**YOUR OBJECTIVE:**
All lines below starting at the one that holds "ブルーの濃淡とグレーがかった" and ending at the one that holds "Kenya Gold Striped" should be printed exactly, ends included. Pictures should not be printed, nor anything else.

**MATERIAL FOR THIS TASK:**
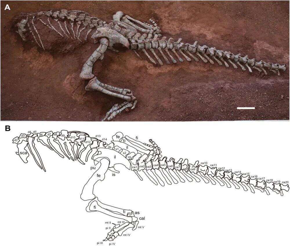 岳氏星宿龙骨骼化石及素描图。(中国科学院古脊椎动物与古人类研究所供图)
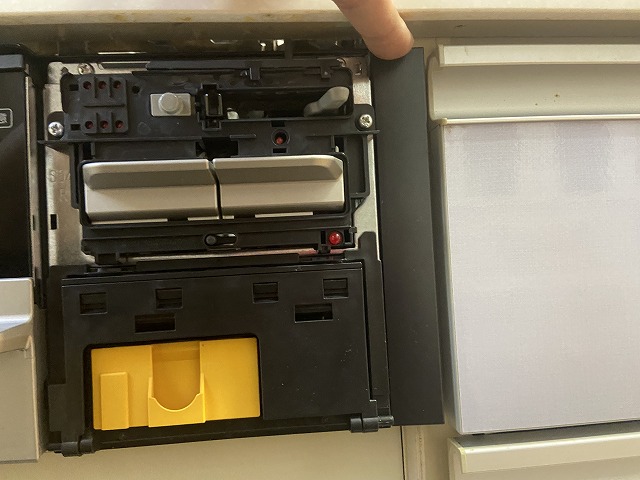 正面パネルと周囲の引き戸の出幅を合わせ、コンロ本体の左右の寄りを確認していきます。
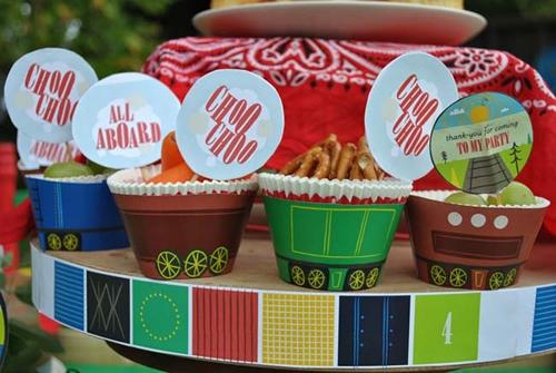 Si a vuestro peque le gustan los trenes, digo yo, que mejor regalo que prepararle una fiesta sorpresa donde su regalo ya esté bien montado en la mesa. Pues eso, vías y trenes combinados con los cupcakes y un buen pastel, seguro que le encantará.
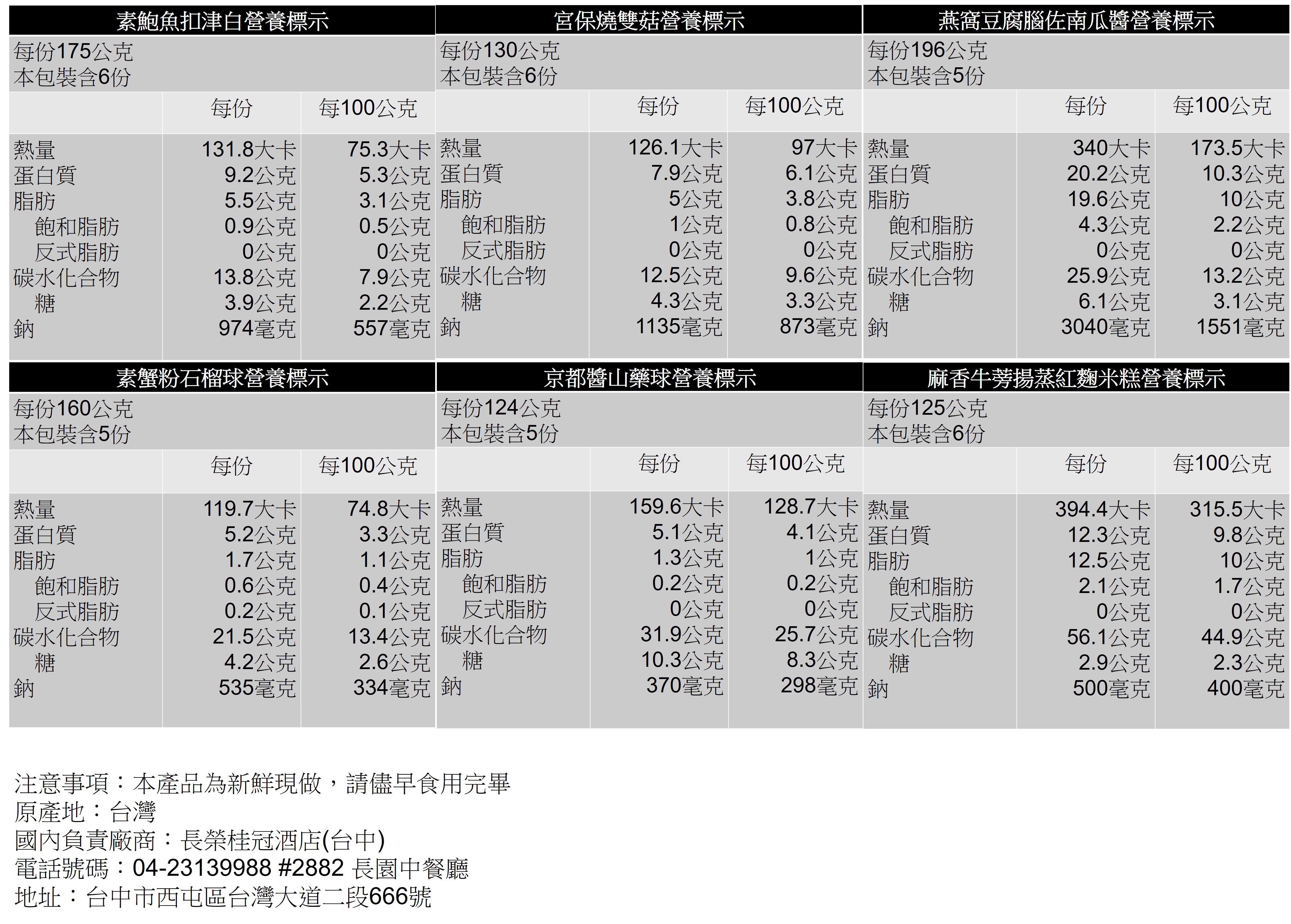 1.年菜提貨期間:2026年2月16日至2026年2月22日止 2.年菜提貨地點: 2/16除夕當天11:00~16:00至1樓大廳右側取貨 其餘日期11:30-13:00、17:30-19:00須至2樓長園廳取貨 3.配合政府環保限塑的推廣,2024年起外帶年菜的容器將不主動提供"可微波之容器"。此價格不含盛裝容器乙組,有微波盒裝盛需求請記得加購,相關細節請電洽04-23139988分機2882由專人協助處理,感謝您的配合 4.未加購微波盒的客人請注意,最慢請在領貨前5天將容器送到指定餐廳做後續清洗消毒的處理。若未送達,恕無法在指定日期提貨,敬請見諒 5.如有任何問題歡迎來電洽詢04-23139988分機2882由專人協助處理,感謝您的配合 |
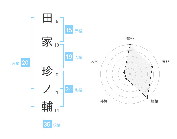 田家 珍ノ輔さんの総格は39画の5点!
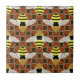 Esse padrão bonito apresenta um motivo gráfico de abelhas ocupadas em um conjunto preto e amarelo contra um design estilizado de mel em tons quentes de laranja e castanho.
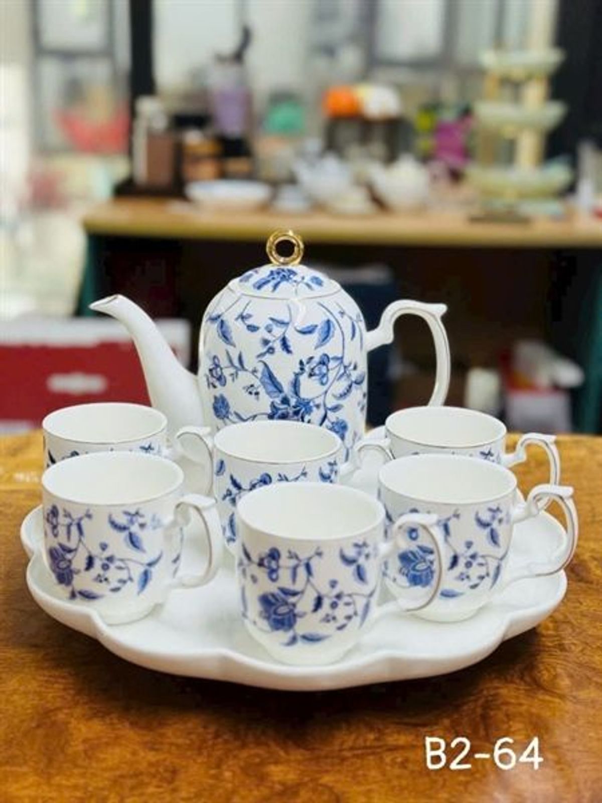 Bộ ấm chén bao gồm: 6 cốc sứ, 1 ấm sứ, 1 khay sứ
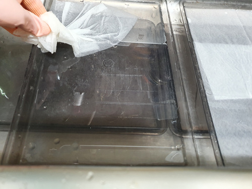 얕게 낀 물때는 자연스럽게 녹아 없어졌고요. 많이 낀 물때는 키친타월로 쓰~윽 닦으면 순식간에 안 지워질 것 같은 물때가 지워집니다.
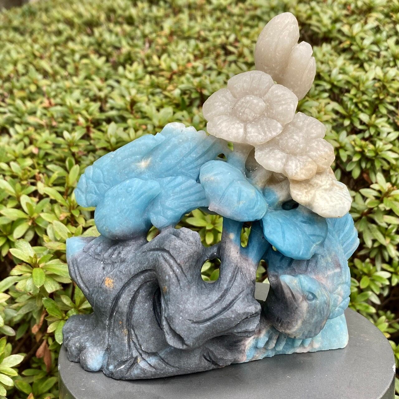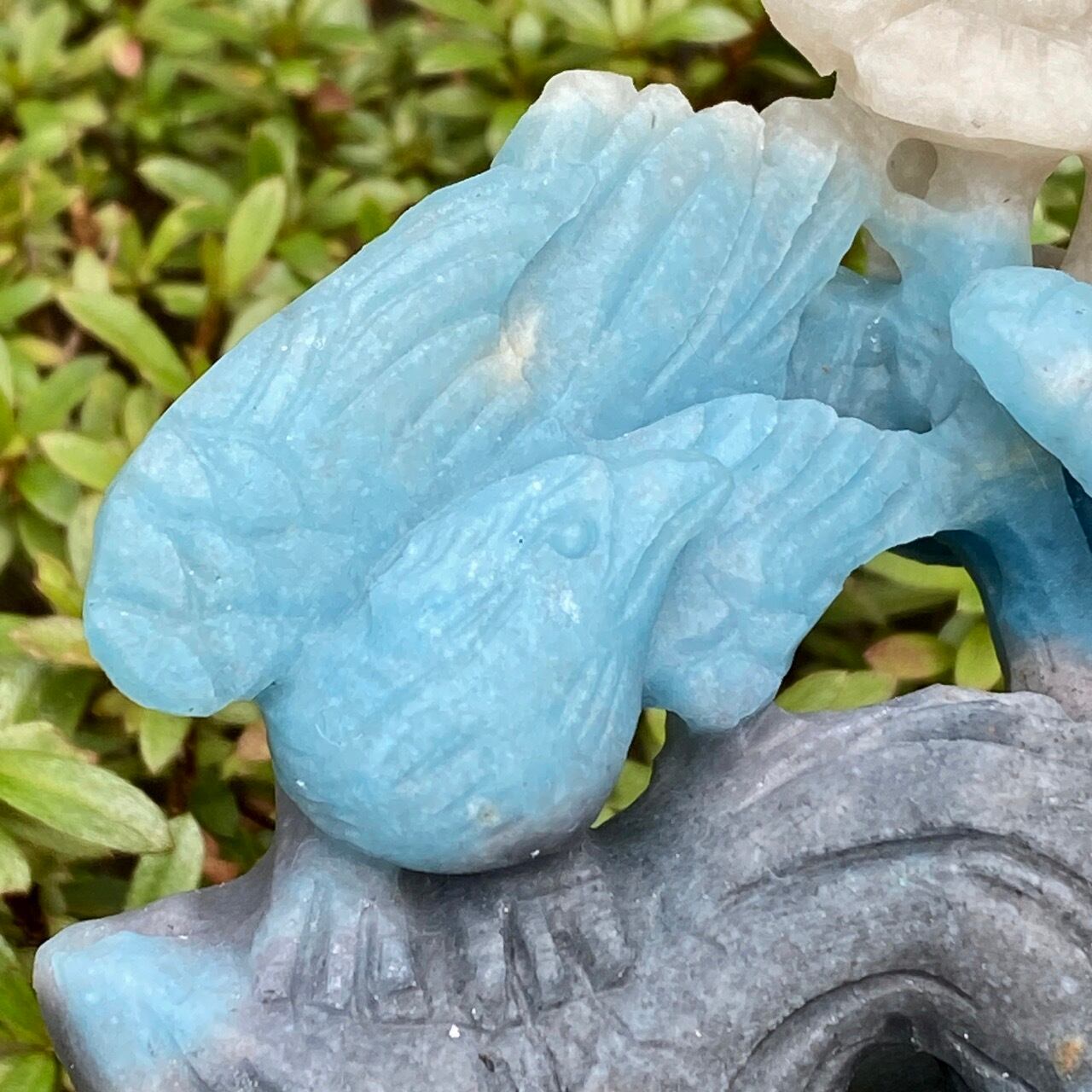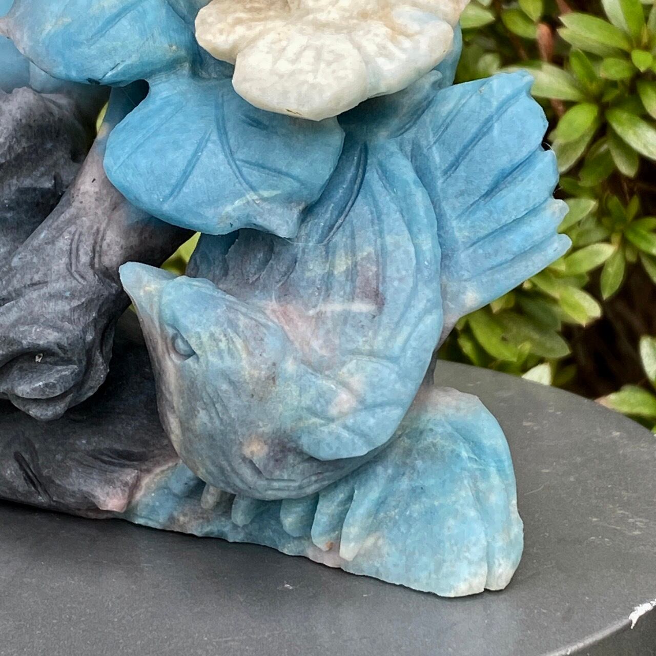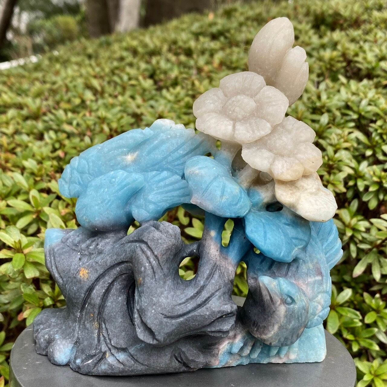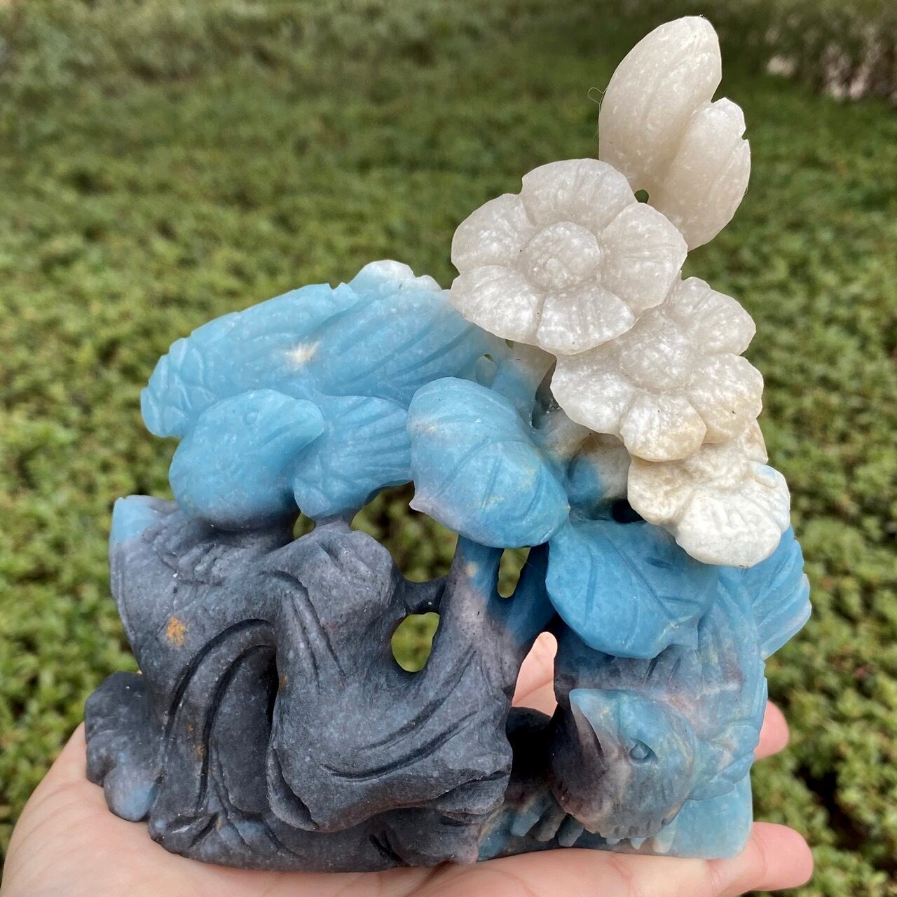 ブルーの濃淡とグレーがかったアイボリーの美しいカラーグラデーションを纏ったトロレアイトの石に、花々が咲く木にとまった2羽の鳥が手彫りされた置物になります。
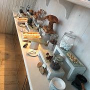 Экоконцепция отеля поддерживается во всем. Ручки у дверей и шкафчиков, столовые приборы и прочие металлические мелочи сделаны из переработанного металла. И это не поделки, а действительно произведения искусства. Посуду делают в собственной гончарной мастерской (можно сходить туда), а стекло отправляют на соседний «Фуши» – там его обрабатывают в специальной гласс-студии.
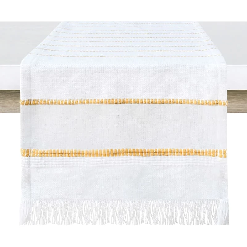 Kenya Gold Striped Fringe Table Runner, 14×72
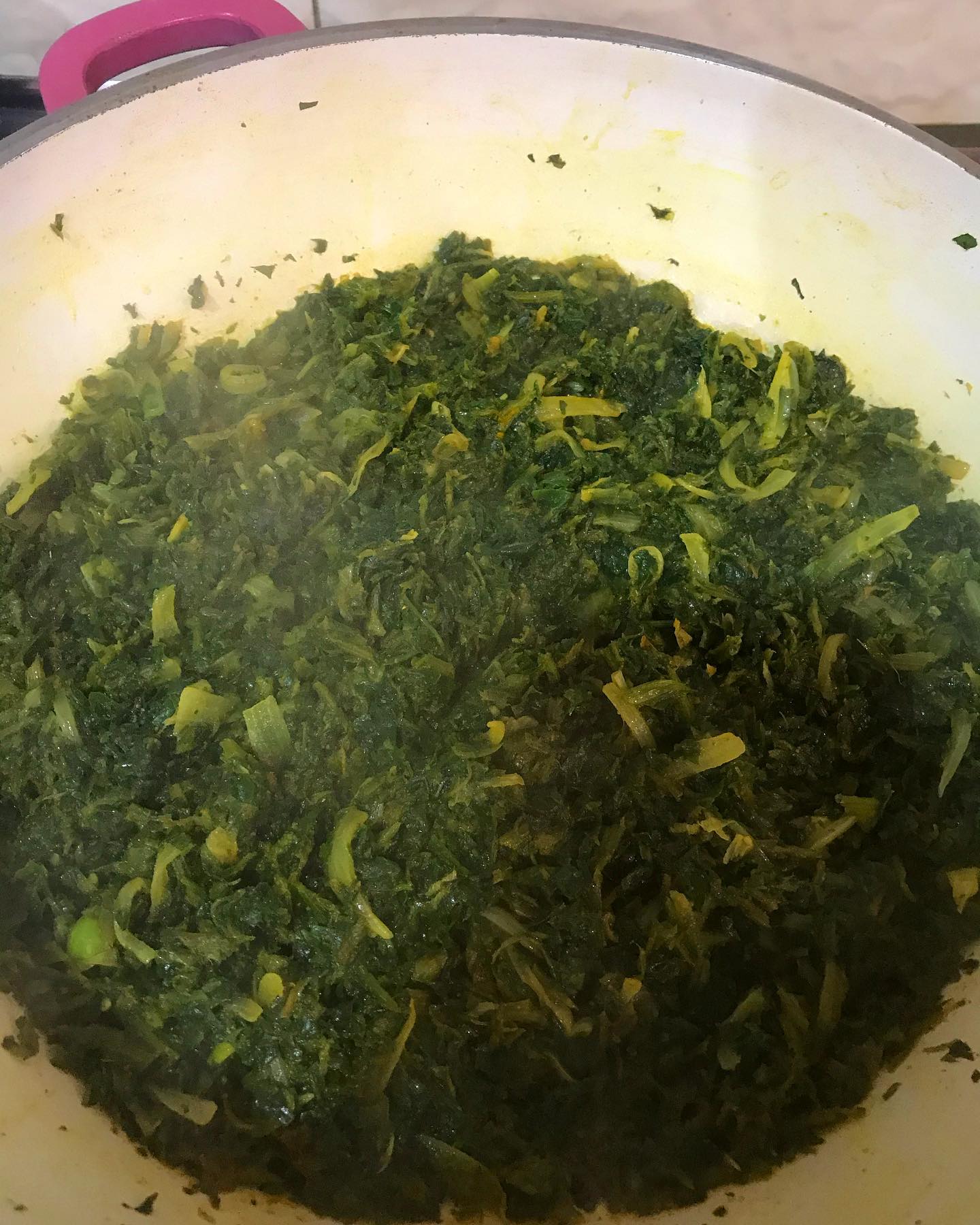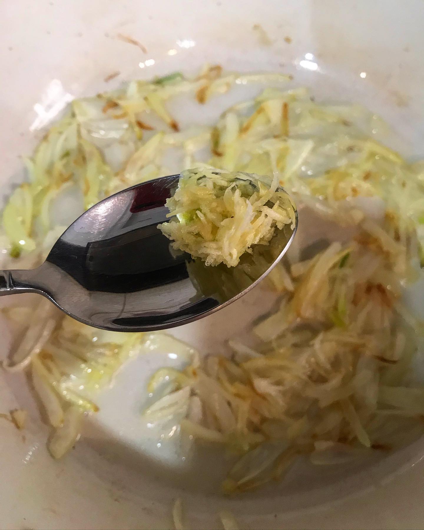 در ادامه پیاز را پوست بکیرید و نگینی ریز خرد کنید و داخل تابه با کمی زردچوبه تفت دهید تا سبک و کمی طلایی شود. سیر را پوست بگیرید و رنده ریز و به همراه پیاز تفت دهید تا عطر سیر بلند شود. در ادامه اسفناج پاک شده و خرد را به مواد اضافه کنید و خوب تفت دهید تا آب اضافی اسفناج کشیده و نرم شود. در ادامه قارچ اسلایس شده را اضافه کنید و تفت دهید تا قارچ نرم شود. تابه را از روی حرارت بردارید و کنار بگذارید.
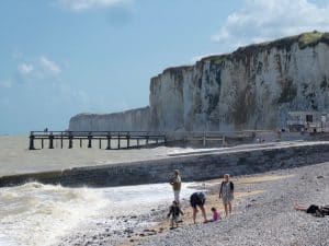 Von da hat man einen tollen Blick auf die Steilküsten und das Meer (Ärmelkanal).
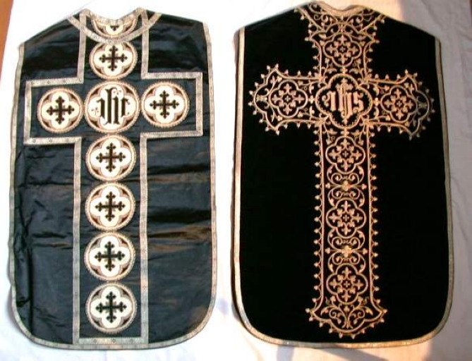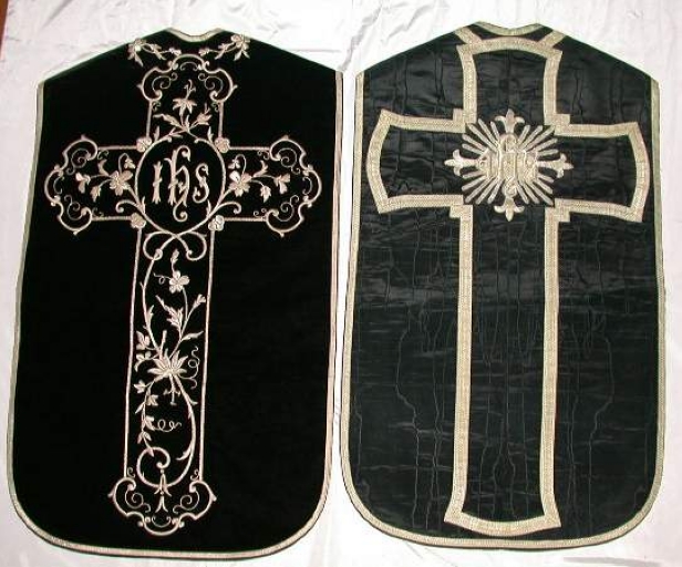 Ornement noir 7 : Chasuble, étole : soie (noire) : velours uni, application sur textile ; fil métal ; argenté. Oeuvre déposée ; il manque la bourse de corporal, le manipule et le voile de calice. 4e quart 19e siècle. Représentation : IHS ; ornementation végétale. Fig. 28.
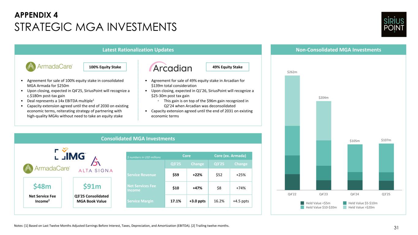 先に発表したMGA投資2件(ArmadaCareとArcadian)の売却により、1株当たり約1.75ドルの株主価値の増加が見込まれるが、これはまだ簿価には含まれていない。
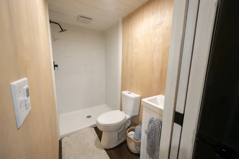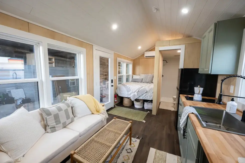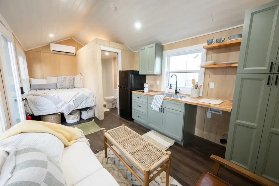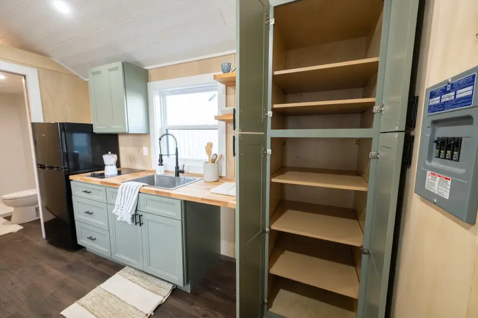 It also has space for a washer/dryer setup and butcher block countertops with a black finish. Likewise, a large floor-to-ceiling pantry provides ample storage options. Meanwhile, the bed on the TinyPlex is on the opposite end and is raised to give way for storage underneath and has an AC unit overhead. Beside it tucked in a little corner is the bathroom, which has a sink, a shower, and a flushing toilet. This house makes the perfect unit for Airbnb rentals, multi-generational living, a vacation home, or as ADU.

**RESPONSE:**
 ブルーの濃淡とグレーがかったアイボリーの美しいカラーグラデーションを纏ったトロレアイトの石に、花々が咲く木にとまった2羽の鳥が手彫りされた置物になります。
 Экоконцепция отеля поддерживается во всем. Ручки у дверей и шкафчиков, столовые приборы и прочие металлические мелочи сделаны из переработанного металла. И это не поделки, а действительно произведения искусства. Посуду делают в собственной гончарной мастерской (можно сходить туда), а стекло отправляют на соседний «Фуши» – там его обрабатывают в специальной гласс-студии.
 Kenya Gold Striped Fringe Table Runner, 14×72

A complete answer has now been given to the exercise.